> **PROBLEM**:
Leaving out the pictures, return each line of the entries from the first through the line with "Ref.PD0841 - Silver", and only those lines.

========

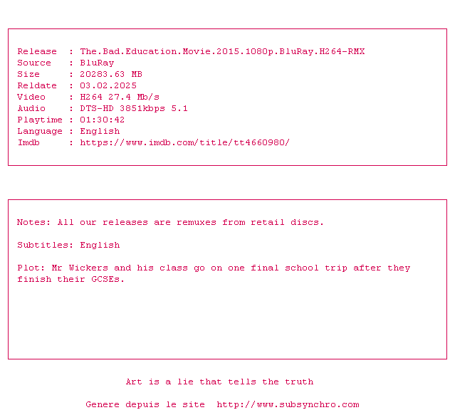Voir le nfo de la release The.Bad.Education.Movie.2015.1080p.BluRay.H264-RMX
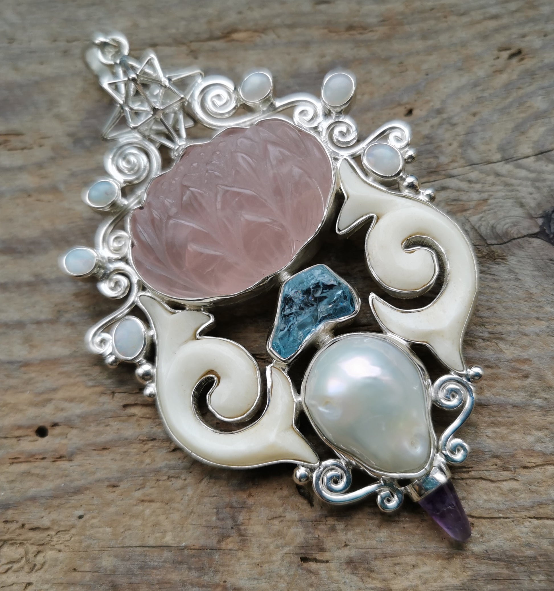 Ref.PD0841 - Silver pendant with Heart Star geometry, mother of pearl carved leaves, pearl, rose quartz carved lotus flower, opal, aquamarine, and amethyst gemstones.
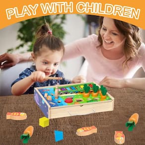 - Brinquedos interativos para pais e filhos: a caixa de jogos de madeira também vem com uma função de armazenamento, para que você possa armazenar todos os peixes, cenouras e blocos de madeira juntos na caixa de madeira. A caixa de jogos vem com uma corda suspensa para facilitar o transporte ou a suspensão. Este brinquedo sensorial é a ferramenta perfeita para os pais passarem o tempo livre com seus filhos e participarem do crescimento deles, melhorarem a interação entre pais e filhos durante as brincadeiras e ajudarem seu filho a desenvolver o interesse em aprender.
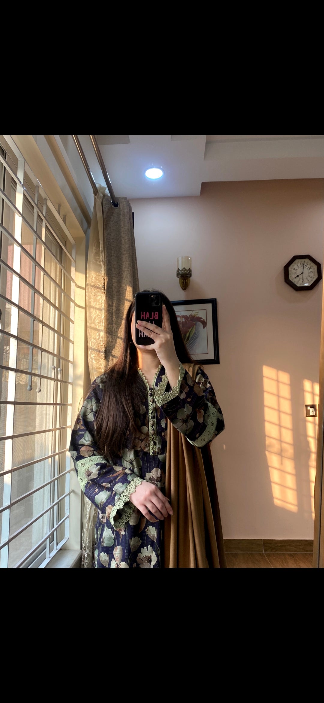 Shirt – Premium Slub Khaddar Printed Shirt with elegant Round Neckline with front button detailing.
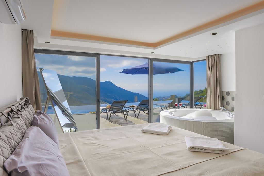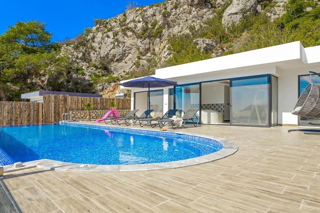 Villa Vil, et smukt og moderne feriested i Kalkan Islamlar. Med 2 soveværelser og 2 badeværelser kan denne villa rumme op til 4 personer, der ønsker at nyde en afslappende og luksuriøs ferie midt i Kalkans fantastiske natur. Villaen er udstyret med moderne bekvemmeligheder og tilbyder en smuk udsigt over havet, naturen og dalen. Fra terrassen kan du nyde udsigten over øen, mens du slapper af i jacuzzien og nyder roen i omgivelserne.
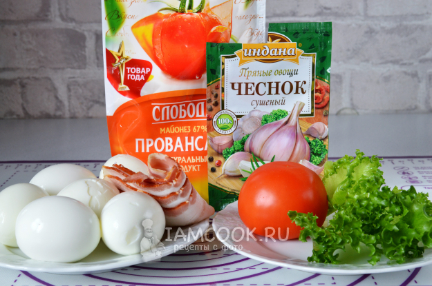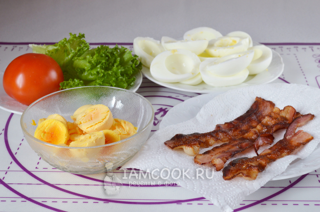 Возьмите необходимые ингредиенты для приготовления фаршированных яиц с беконом и помидором. Яйца отварить вкрутую, остудить и очистить от скорлупы. Бекон пожарить на сухой сковороде до золотистого цвета, выложить на бумажные полотенца.
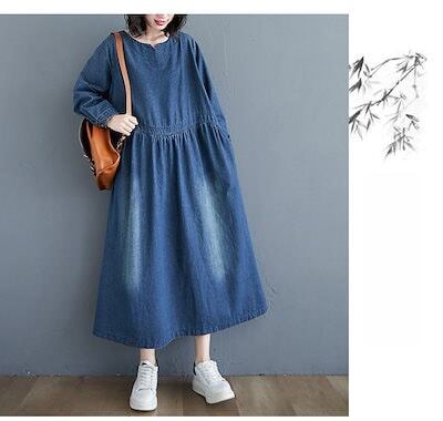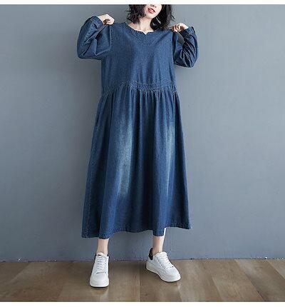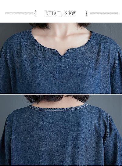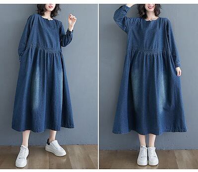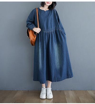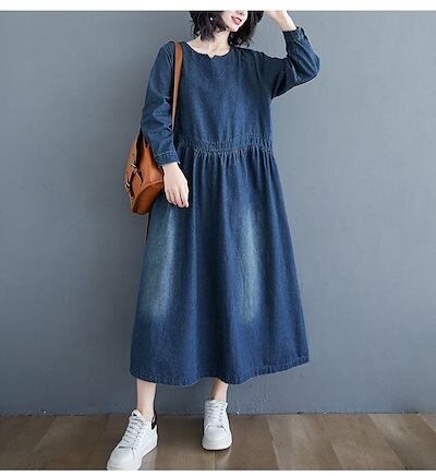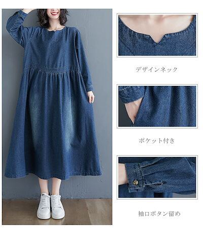 デニムワンピース ロング丈 春 きれいめ フレアワンピース マキシワンピ レディース 大きいサイズ 長袖 体型カバー ゆったり ウエストタック ポケット付き
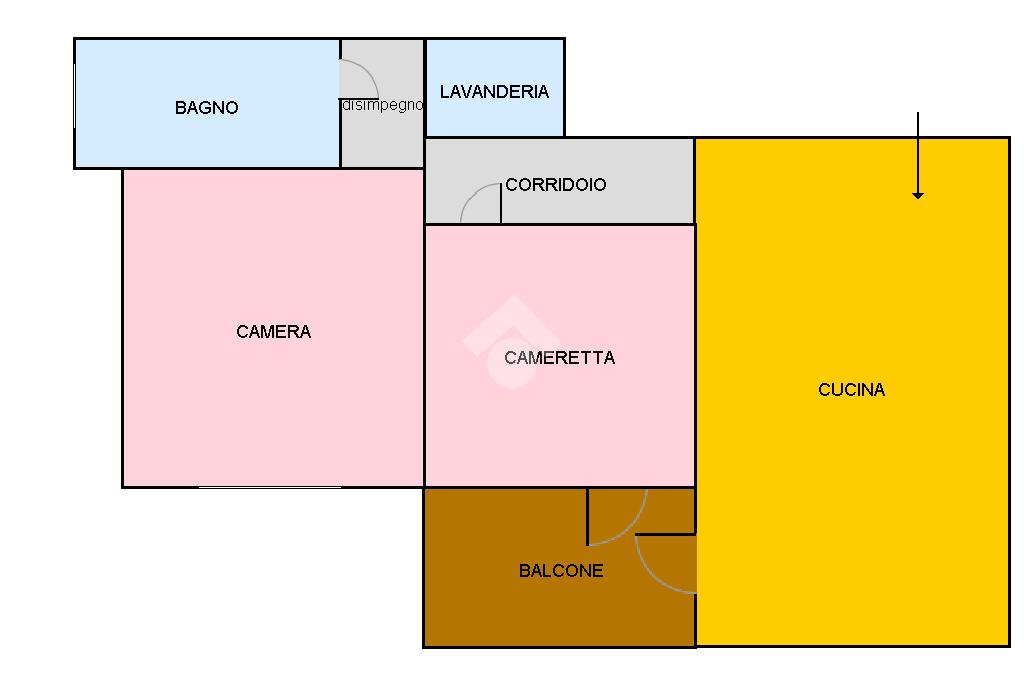 Ingresso su comoda cucina-soggiorno con accesso al balcone
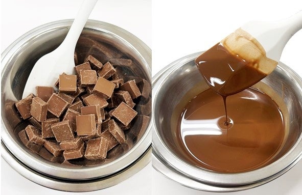通常のコーティングチョコレートより低粘度ですので、素材にしっかり染み込みます。
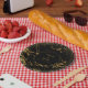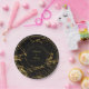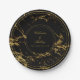 Ein schwarz-brauner Granit mit den Adern glitzernder Goldverzierungen Set den Ton für diese Hochzeitsessen Papier Platte mit Ihren Namen und Datum in einem rustikalen Serif-Schriftart.
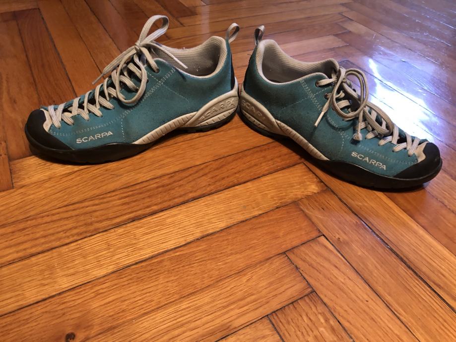 Ženske, sportske cipele, SCARPA, broj 39, nošene jednu godinu, kožnate, tirkizna boja, iznimno udobne, za slobodno vrijeme i manje zahtjevne ture na planini. Vibram đon.
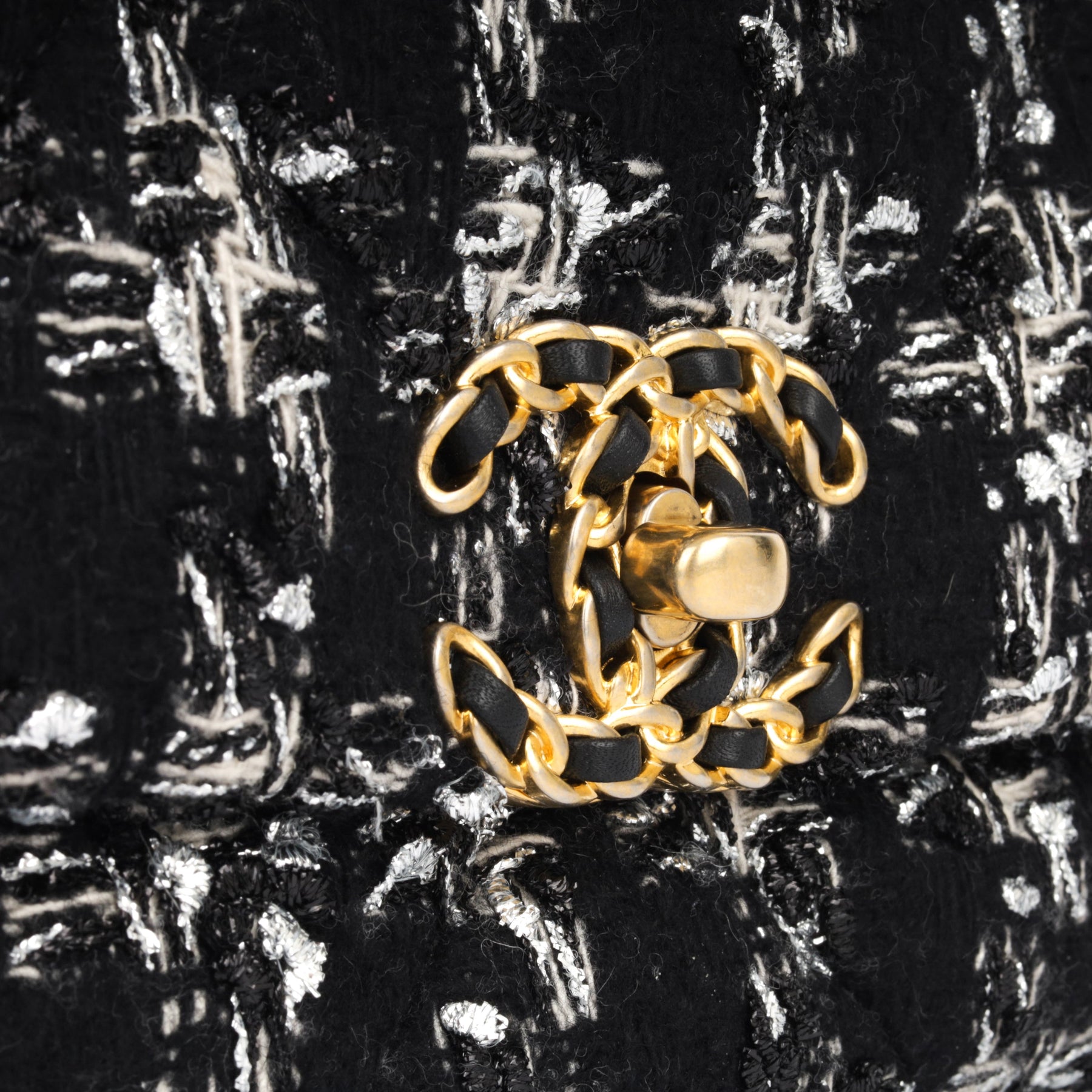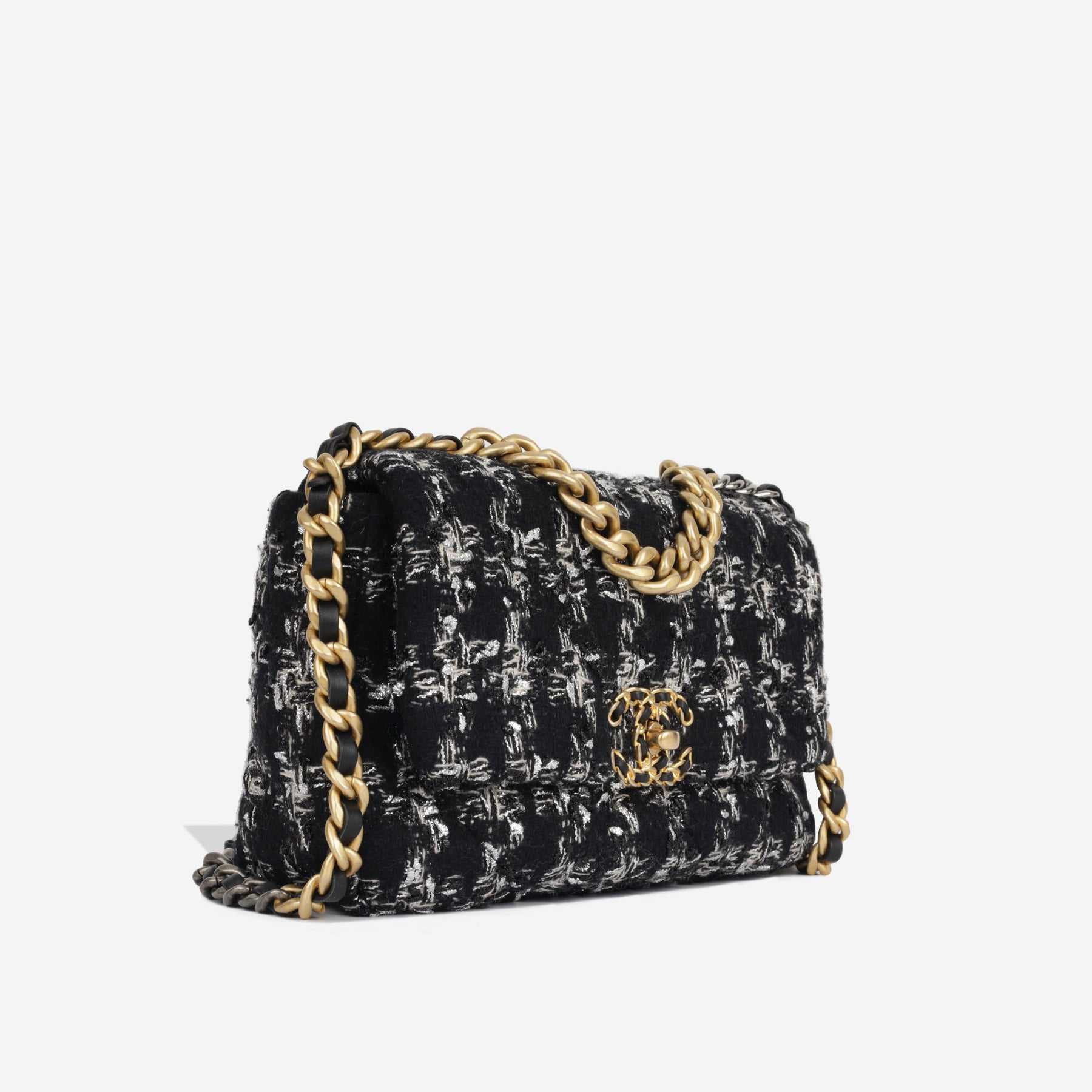 Regular price $2,550.00 Sale price $460.00 Save $2,090.00For timeless Parisian-chic there is no better investment than a Chanel flap bag. This particular Chanel 19 is crafted Chanel's bouclé tweed in a monochrome colour scheme. The interwoven chain sits elegantly on your shoulder or doubled up on your arm. Under the creative direction of Karl Lagerfeld, Chanel continues with its line of classic quilted bags.
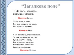 4. Що росте, коли їсть,і помирає, коли п'є?“Загадкове поле”Відповідь: Вітер. Відповідь: Вогонь5. Без крил, а літає,Без рук, а ворота відчиняє,Без голосу, а завиває. Відповідь: Вулкан6. Я - велетень, спокійно сплю,Та лиш прокинусь я від сну,Гучно кашляю і чхаю,Все довкола я здригаю,Небо димом наповняюІ вогонь я вивергаю.
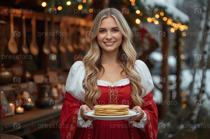 Знамя праздника Широкая Масленица. Красивая 30-летняя женщина в традиционном сарафане с шарфом на плечах и тарелкой блины на русской ярмарке
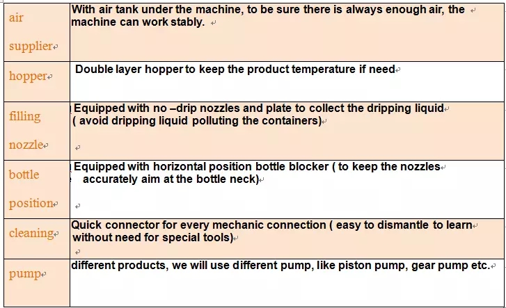Ova mašina posebno je napravljena za sve vrste viskoznosti / tečnosti u prehrambenoj industriji, hemijskoj industriji i sirovinama, kao što su motorno ulje, motorno ulje, salata, gel za pranje ruku, kokosovo ulje, sojin sos, sezam, šampon, tečni sapun, motorno ulje , kočiono ulje, ulje za kuhanje, sos od rajčice, napitak, esencijalno ulje, biljno ulje, med, sos od bibera, kikiriki puter, jogurt, sok, napitak itd. Svi kontaktirani dio s tekućinom / umakom je visokokvalitetni nehrđajući čelik. Mašina prihvaća klipnu pumpu za punjenje. Podešavanjem pozicijske pumpe može se puniti sve boce u jednoj mašini za punjenje, velikom brzinom i velikom preciznošću.
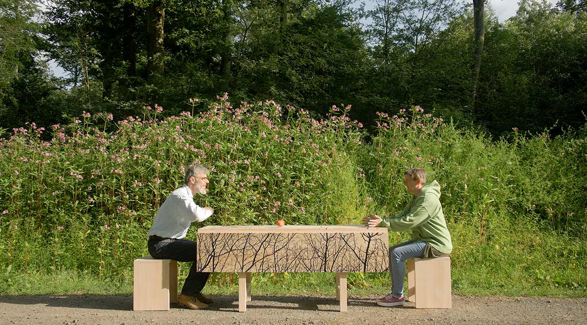 „Der Wald ist das neue Kaffeehaus!“ Dieser Satz gefiel mir. Als kurze Zeit später im Radio die Nachricht kam, dass Parkplätze an beliebten Ausflugszielen wegen Überfüllung geschlossen wurden, entstand die Idee, einen Tisch zu gestalten, an dem sich zwei Menschen im Abstand von mehr als 1,5 Metern gegenüber sitzen.
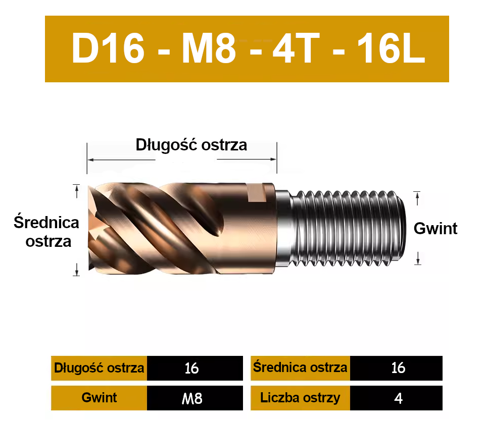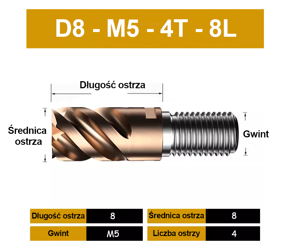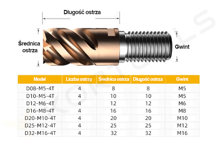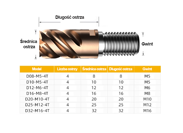 - Średnice ostrza: Ø8, Ø10, Ø12, Ø16, Ø20, Ø25, Ø32.
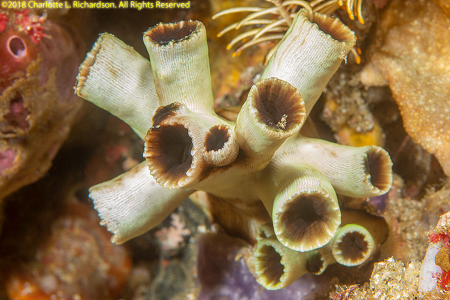 Sea pens are colonial marine cnidarians. The individual polyps each have eight tentacles, but are specialized. One polyp develops into a rigid erect stalk (called the rachis) and loses its tentacles. Other polyps form branches, water intake structures, feeding structures, and reproductive structures.
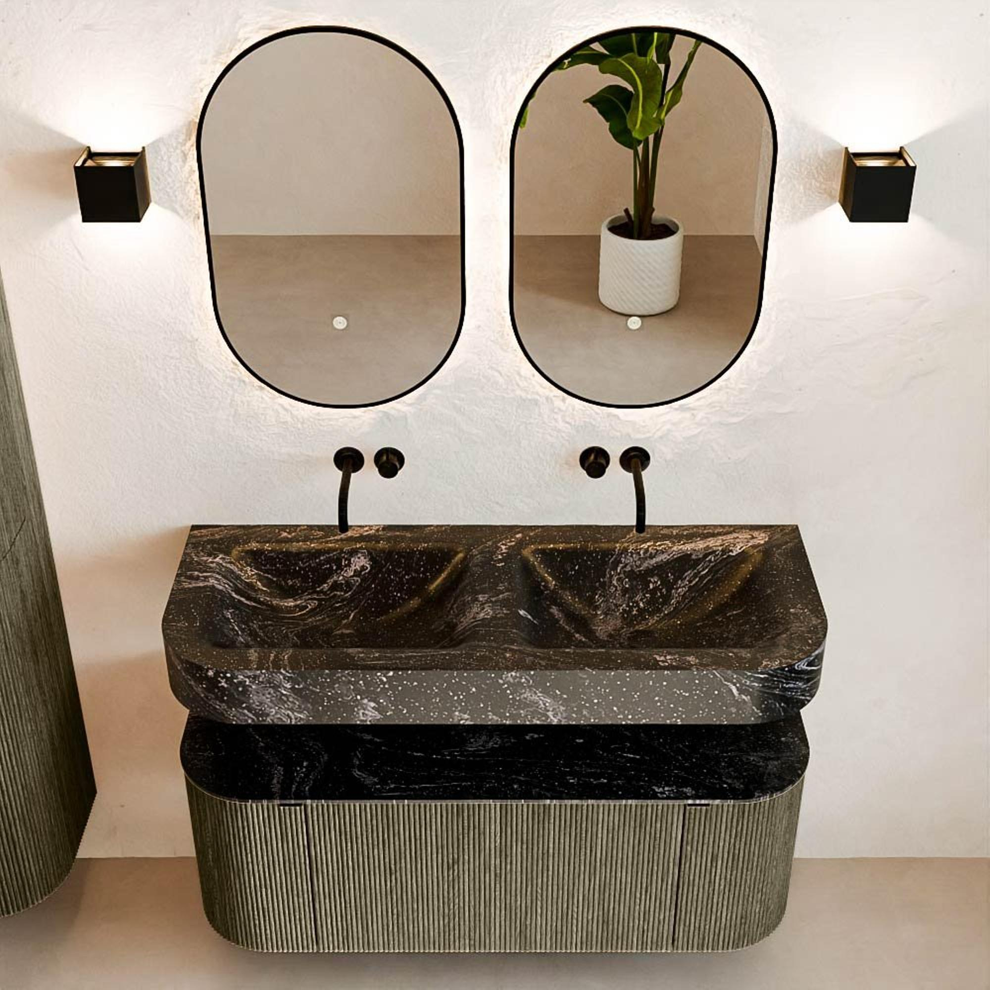 MONDIAZ THOR-DLUX 120cm meuble de salle de bains arrondi gauche + droite couleur Shadow avec 1 tiroir et 2 portes. Vasque suspendue CLOUD Double sans trou de robinet couleur Lava.
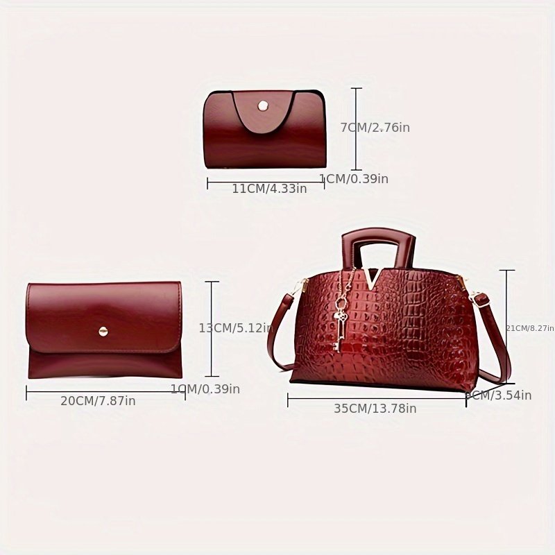 מחפשת אלגנטיות המשלבת שיק ופרקטיות כאחד? אנו מציגים לך את סט תיקי התנין המשולש, שעוצב במיוחד עבור האישה המודרנית המעריכה יוקרה ואיכות גבוהה. סט זה הוא לא רק תיקים, אלא אביזרים משלימים המוסיפים מגע קסום ומיוחד לכל מראה, מפגישות עבודה חשובות ועד ערביך הפרטיים, כדי שתזהרי בביטחון ובקסם שאין שני לו.
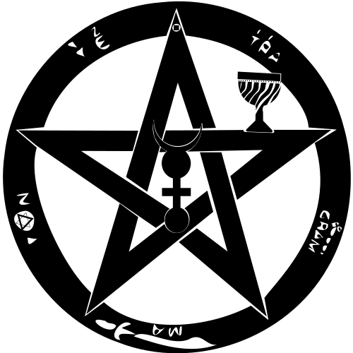 This features a black and white circle with various symbols, including an upside-down pentagram. In the center of the circle is a cup, which appears to be a chalice or a wine glass. There are also two bowls placed around the circle, one on the left side and another on the right side. The combination of these elements creates a unique and intriguing design that may represent a magical or spiritual symbolism.

========

> **EXERCISE RESULT**:
Voir le nfo de la release The.Bad.Education.Movie.2015.1080p.BluRay.H264-RMX
 Ref.PD0841 - Silver pendant with Heart Star geometry, mother of pearl carved leaves, pearl, rose quartz carved lotus flower, opal, aquamarine, and amethyst gemstones.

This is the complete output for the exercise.